Born in 1893, he was the son of Alfred and Florence Gregory, of 15 Langley Place, Luton. In the 1911 Census he is described as working in a foundry. No report of his death appeared in Luton newspapers at the time.
Pte Percy Haydn Day, 15608, 1st Battalion Bedfordshire Regiment, died of wounds sustained in action on the Somme on July 27th, 1916.
Born in the summer of 1895, he was the son of Arthur and Mary Jane Day, of 17 Holly Walk, Luton, where Percy was born and where the family had lived for 23 years. The couple had 11 children, eight of them boys.
Prior to enlisting, Percy was employed in the Bute Street warehouse of hat manufacturers Wright and Giddings. He had been educated at Queen Square School and his father was formerly a straw hat manufacturer.
L-Cpl Edwin Granville Harvey, 14925, 1st Battalion Bedfordshire Regiment, was killed in action on the Somme at Longueval on July 24th, 1916. He was aged 21.
He had joined the Colours on September 4th, 1914, and went to France the following April. He was gassed at Hill 60 and blown up by a mine in November 1915, requiring eight weeks of hospital treatment. After 15 months in the trenches he was killed by a shell while serving his Lewis gun.
Pte Aubrey Stanbridge, 27467, 1st Battalion Bedfordshire Regiment, attached to the 10th Worcesters, was killed in action on the Somme on July 23rd, 1916.
Born in Luton in 1877, his birth registration shows his full name as Haydn Aubrey Stanbridge. He was the son of the late Frank Shapcott Stanbridge (died 1907, aged 54) and Caroline Stanbridge (died 1913, aged 60). His last known address was 77 Wellington Street, Luton, where his mother lived until her death.

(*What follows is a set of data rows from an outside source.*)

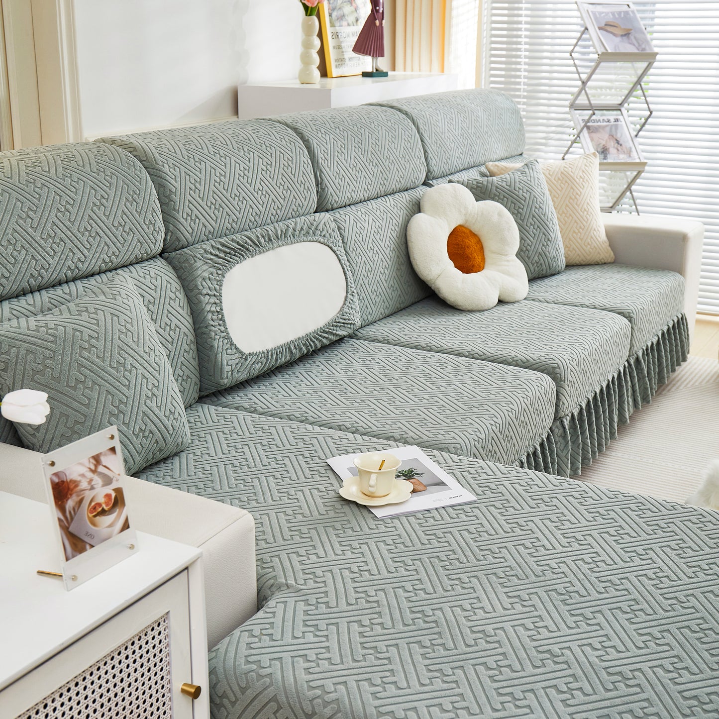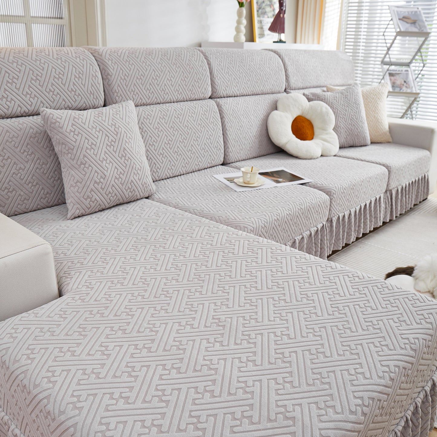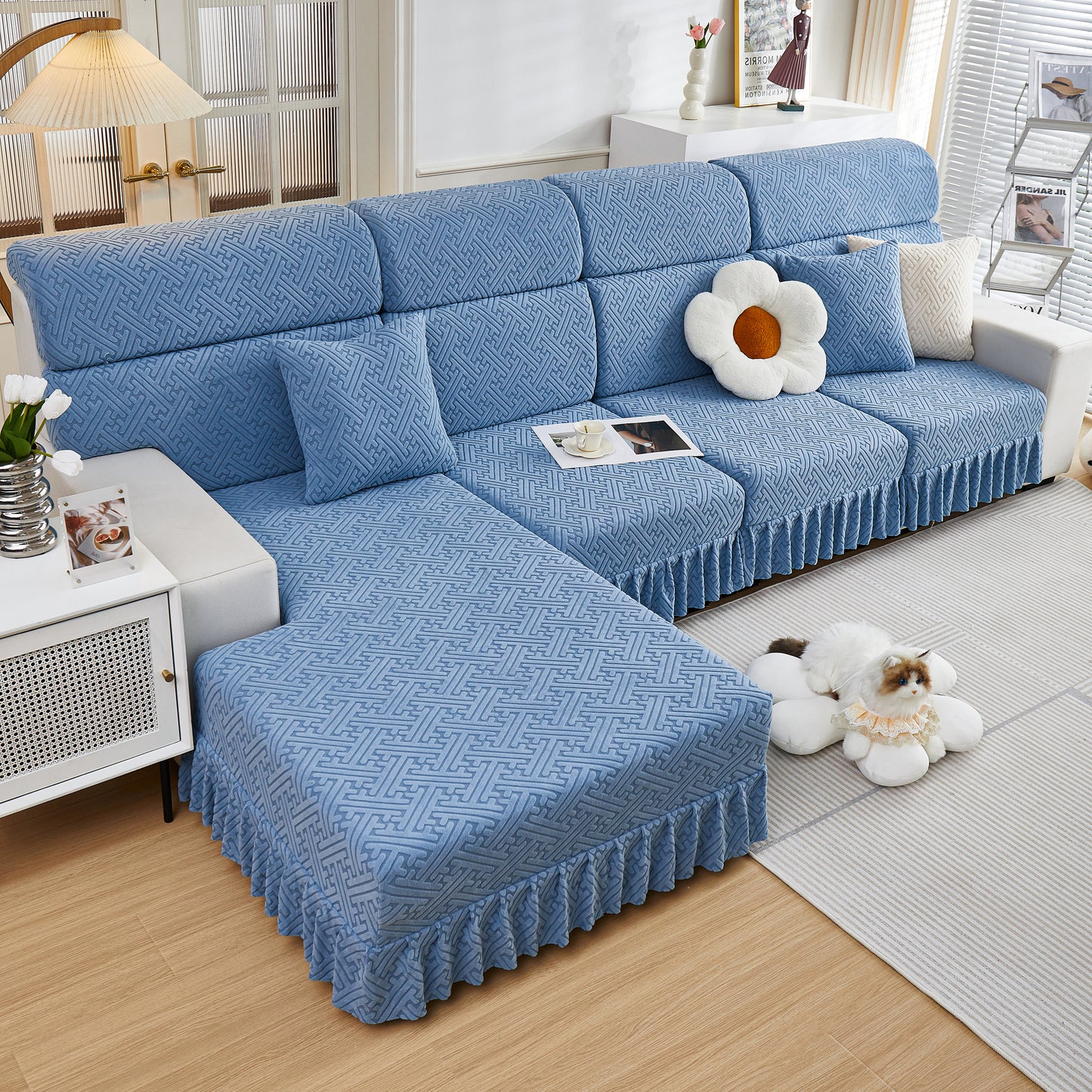 Stretch Sofa Covers with Skirt for Couch Seat and Cushion, Chaise, Sectional, 1/2/3/4 Seater Sofas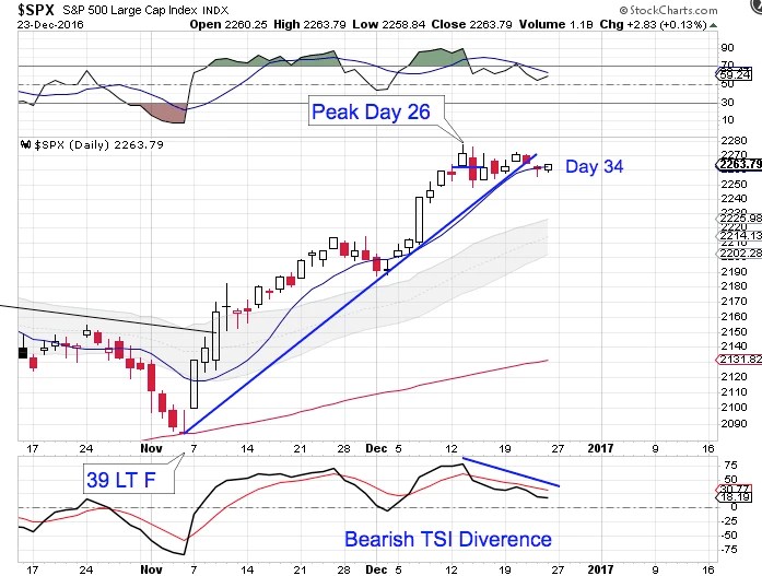 Friday was day 34 for the daily equity cycle, placing stocks in their timing band to seek a daily cycle low. At 34 days, stocks could trend lower for the next 5 to 10 days. Stocks are in a daily uptrend & will remain so unless they close below the lower daily cycle band.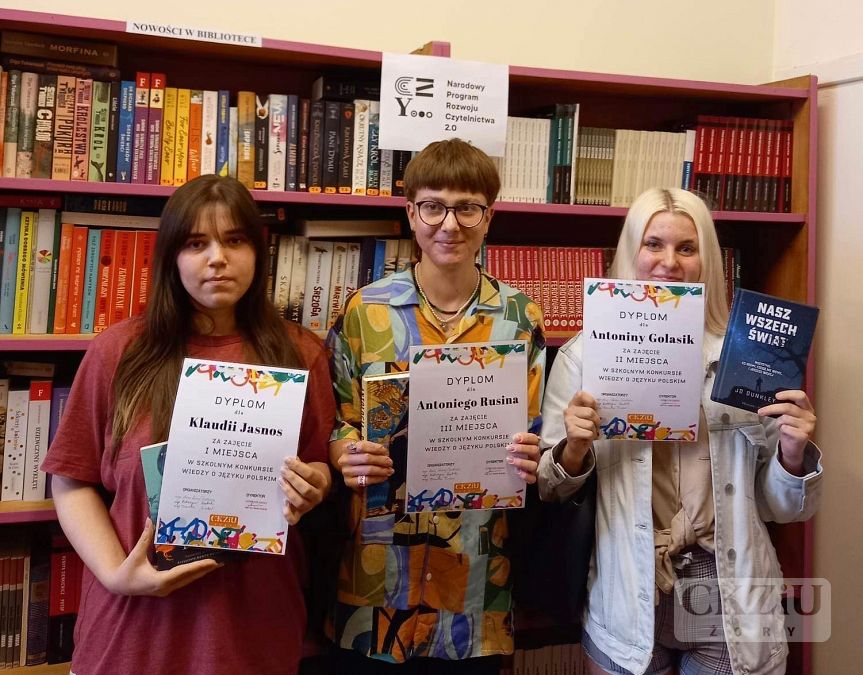Konkurs przygotowały i przeprowadziły: p. Dorota Timler, p. Anna Krosny-Dudkiewicz i p. Katarzyna Szestak. Uczestnicy otrzymali nagrody książkowe pozyskane z dofinansowania w ramach Priorytetu 3 Narodowego Programu Rozwoju Czytelnictwa 2.0.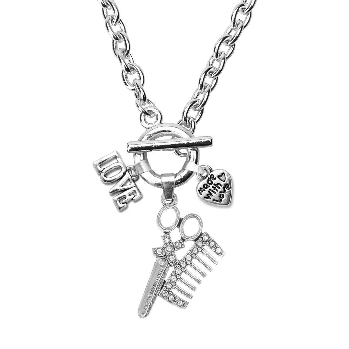 Our sparkling toggle necklace, equipped with a stylish toggle clasp and the Love Pave Stylist charm, is crafted from white metal with a silver plated finish.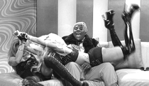 上周六播出最新一集SNL,年過(guò)半百的娜姐跟比她年輕一半的Lady Gaga,兩人穿著皮制內(nèi)衣及長(zhǎng)靴勁歌熱舞,娜姐先是挑釁地說(shuō):“跳得什么爛鬼迪斯科啊!盠ady Gaga回嘴:“麥當(dāng)娜,我比你更辣!蹦冉悴桓适救醯卣f(shuō):“我比你高,Lady Gaga這什么名字啊,聽起來(lái)像嬰兒食品!彪S后兩人扭打,主持人凱南·湯普森唯有出來(lái)調(diào)停,最后Lady Gaga干脆整個(gè)人飛撲過(guò)去,跨過(guò)凱南直接打娜姐。凱南正在發(fā)愁之際,兩位“瘋后”突然和好了,而且還當(dāng)眾親嘴。事后兩人表示互相當(dāng)對(duì)方為偶像,感情好得很。泰漁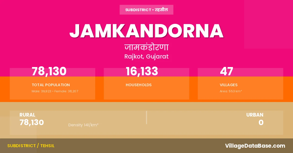 According to the 2011 census The total area of Jamkandorna Taluka is 553 km², with a population of 78130 people. The population density is 141 inhabitants per square kilometre, and there are approximately 16133 houses in the sub district.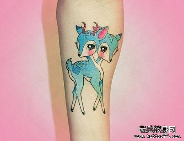 66纹身图库推荐一款手臂小鹿纹身图案_臂部纹身图案大全_纹身图吧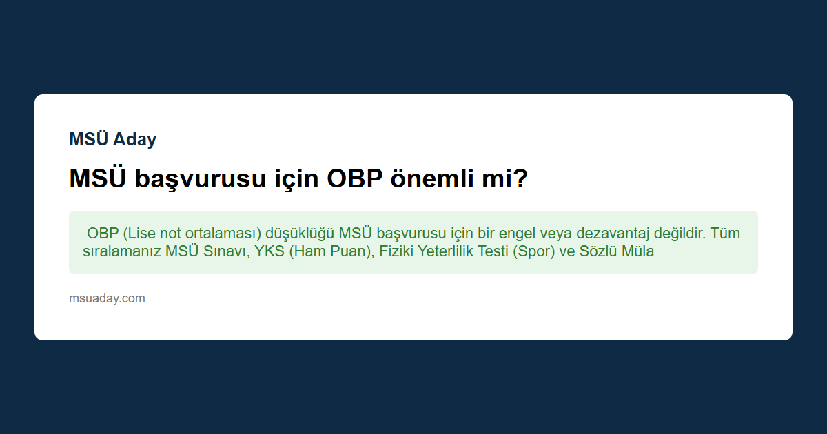 OBP (Lise not ortalaması) düşüklüğü MSÜ başvurusu için bir engel veya dezavantaj değildir. Tüm sıralamanız MSÜ Sınavı, YKS (Ham Puan), Fiziki Yeterlilik Testi (Spor) ve Sözlü Mülakat performansınıza göre belirlenir.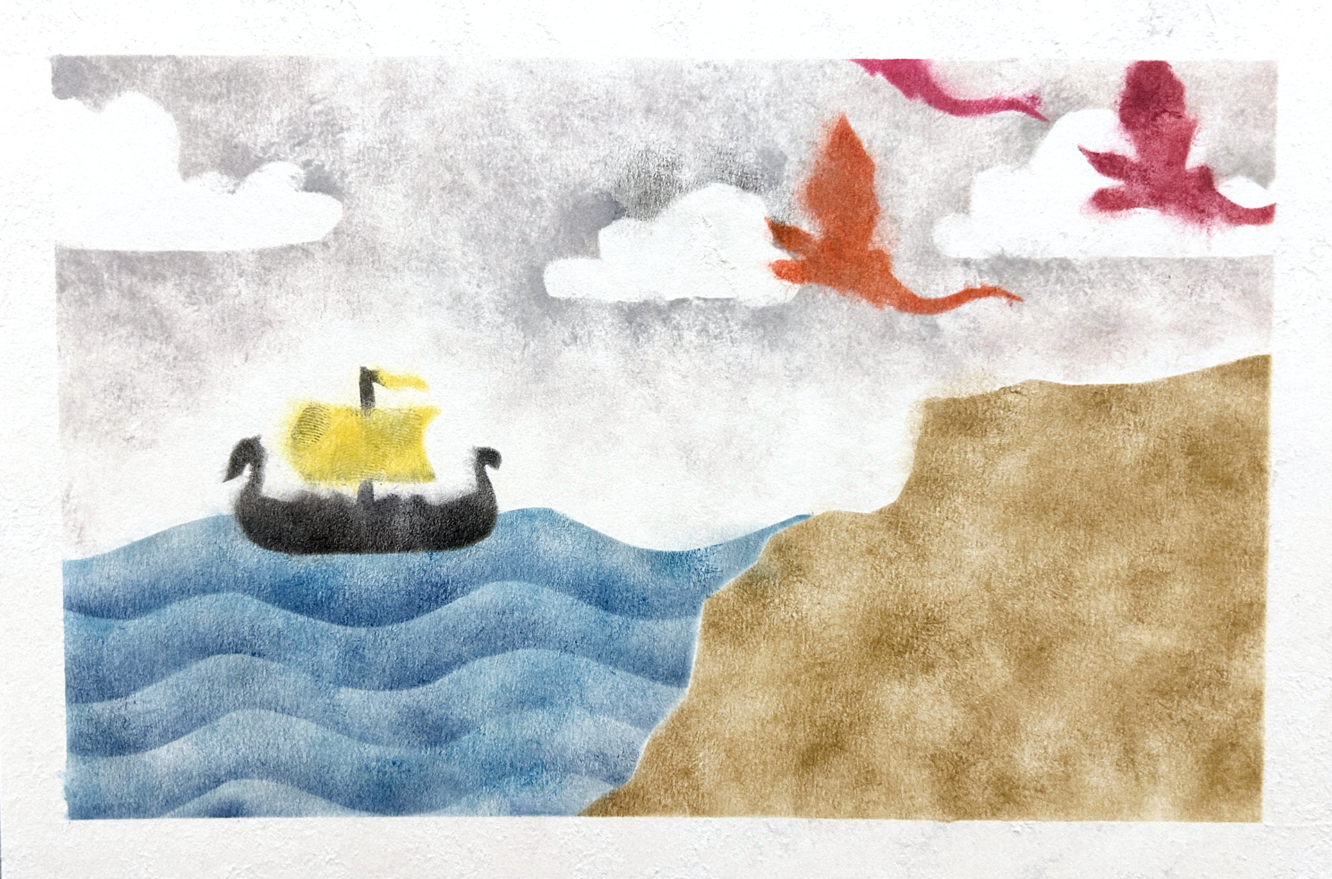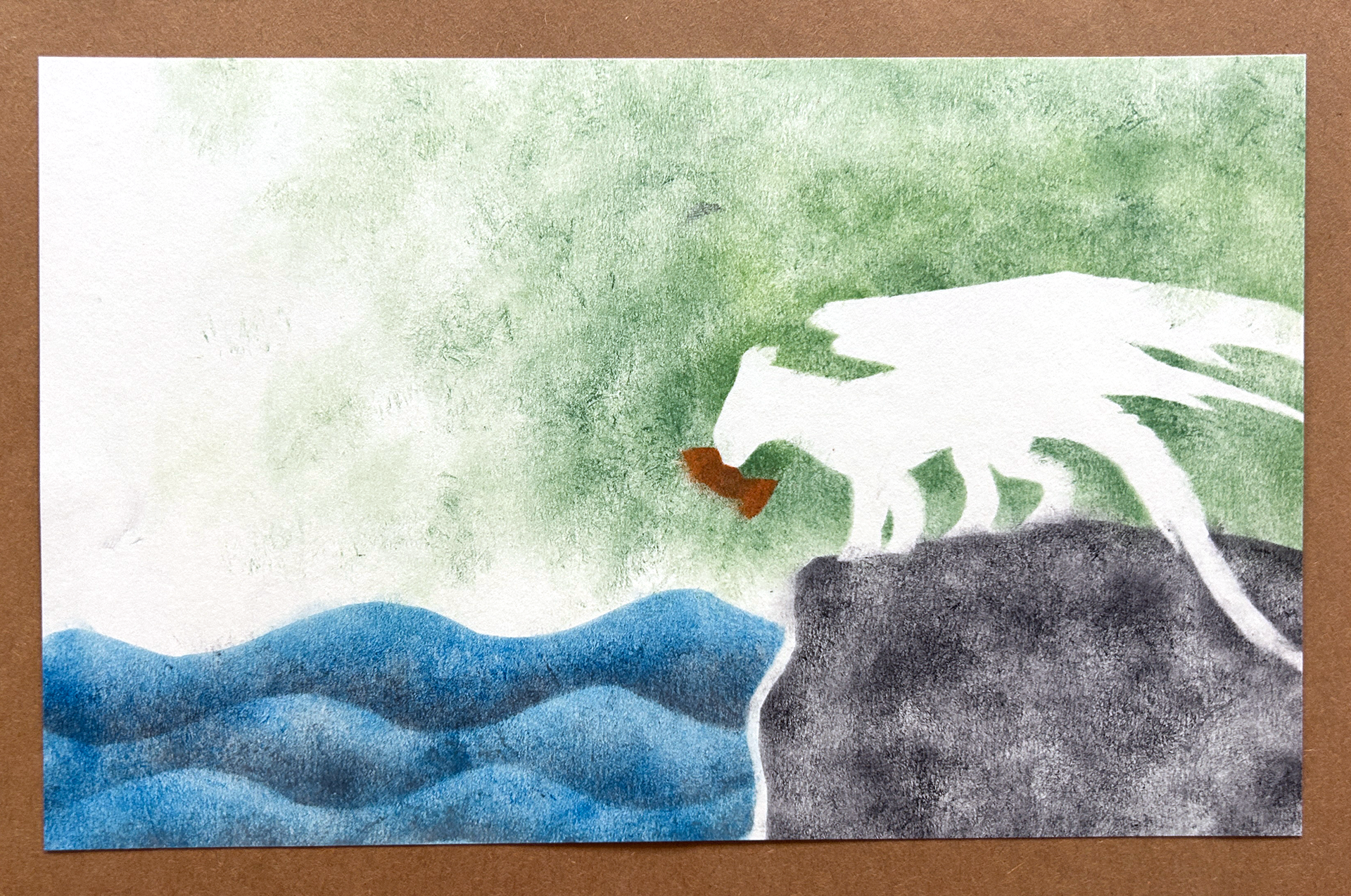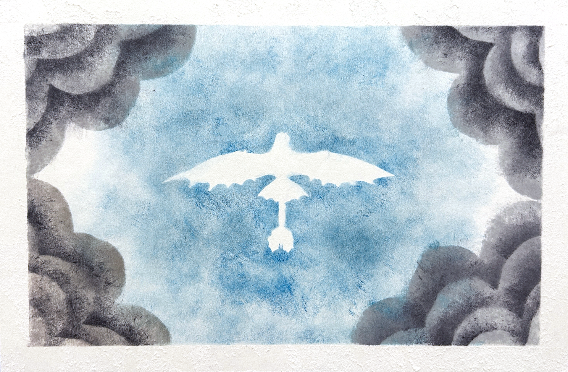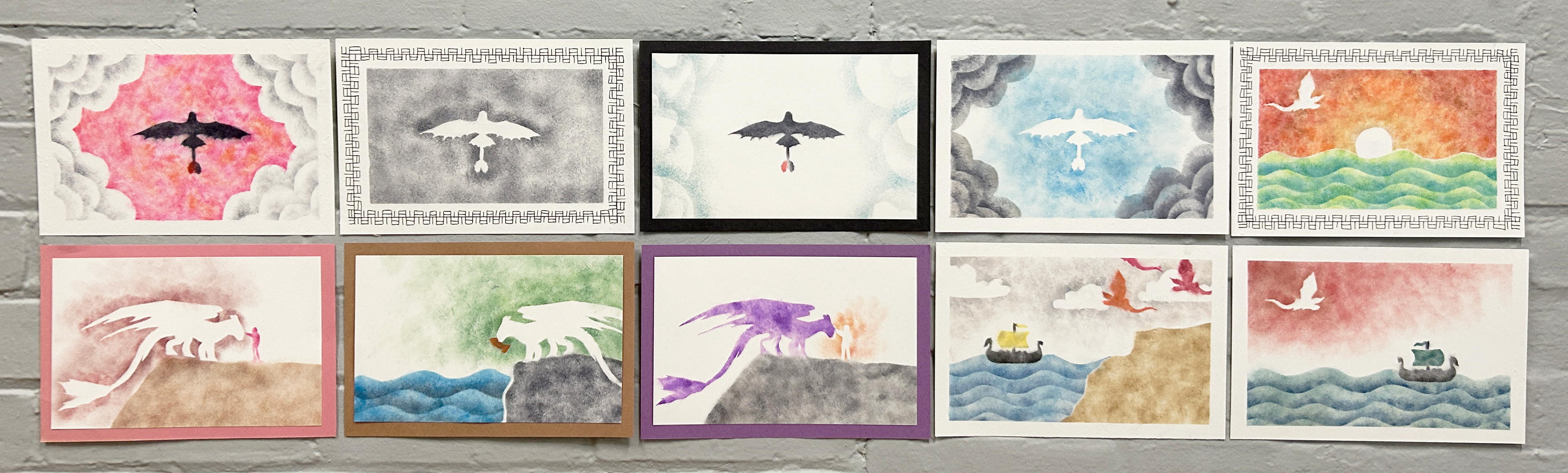 My pochoir print series is based on the 2010 film, How to Train Your Dragon. The film features vibrant environments and iconic creatures, so I aimed to capture that whimsy in my art. I experimented with negative and positive silhouettes, as well as the use of color. Through my experimentation, I discovered a method of layering negative stencils on top of one another to add texture. This method can be seen in the waves and clouds of my prints, creating a sense of depth.

Pte Albert Smith, 27481, 1st Battalion Bedfordshire Regiment, was the second son of George and Sophia Smith, of 73 North Street, Luton, to be killed in action on the Somme within four days. He died on July 22nd, 1916, at the age of 21.
His brother, Cpl Frederick Smith, 6289, 2/4th Royal Berkshire Regiment, was killed on July 19th at the age of 24.
Pte Smith had been in the Army only four months, having been drafted as a "Derby" recruit. Prior to enlistment he had worked for blockmaker Mr F. Webb, of Lancrets Path.
Pte Ernest George Foord, 27058, 1st Battalion Bedfordshire Regiment attached to the 10th Battalion Worcestershire Regiment, was killed in action on July 22nd, 1916, after serving only three weeks on the Somme. He was aged 29.
Cpl Fred Smith, 6289, 2/4th Battalion Royal Berkshire Regiment, was killed in action on the Somme on July 19th, 1916. He was aged 24 and one of five sons of Thomas George and Sophia Smith, of 73 North Street, Luton, serving with the Colours.
The Rev A. R. Tucker, a Church of England Chaplain, wrote to Mrs Smith to inform her of the death of her son. He wrote: "I have buried him in a cemetery for British troops. A cross will be erected to his memory over the grave."
Second-Lieut Arthur Haworth, King's Liverpool Regiment, attached to the Machine Gun Corps, was killed in action rallying his men against a German counter-attack on the Somme on July 19th, 1916. He was aged 20.
Pte Albert Ford, 25327, 2nd Battalion Bedfordshire Regiment, died on July 17th, 1916, of wounds sustained on the Somme. He was aged 19 and the second son of John and Emma Ford, of 48 Burr Street, Luton, to die on the battlefield.
Pte Ford was a "Derby" recruit and was called up five months previously. He was drafted into the Bedfords and had been at the Front only a short time. A letter from the Record Office to his mother said he son had been buried in the Dive Copse Cemetery,
Before enlisting he work at the bleaching and dyeing firm of Mr Stewart Hubbard.
Father of ten children, Pte Alfred George Brown, 21170, 7th Battalion Northamptonshire Regiment, was killed in action on the Somme on July 16th, 1916. He was aged 38, and his enlistment documents stated that he was fit for home service only.
Pte Walter George Bryan, 18238, 6th Battalion Bedfordshire Regiment, was presumed killed in action on the Somme on or after July 15th, 1916. He was aged 30.
Pte Bryan is included on the Luton Roll of Honour but without an address. Military records also say he resided in Luton and enlisted at Bedford, but there were no reports in the Luton Press about him or his death around that time.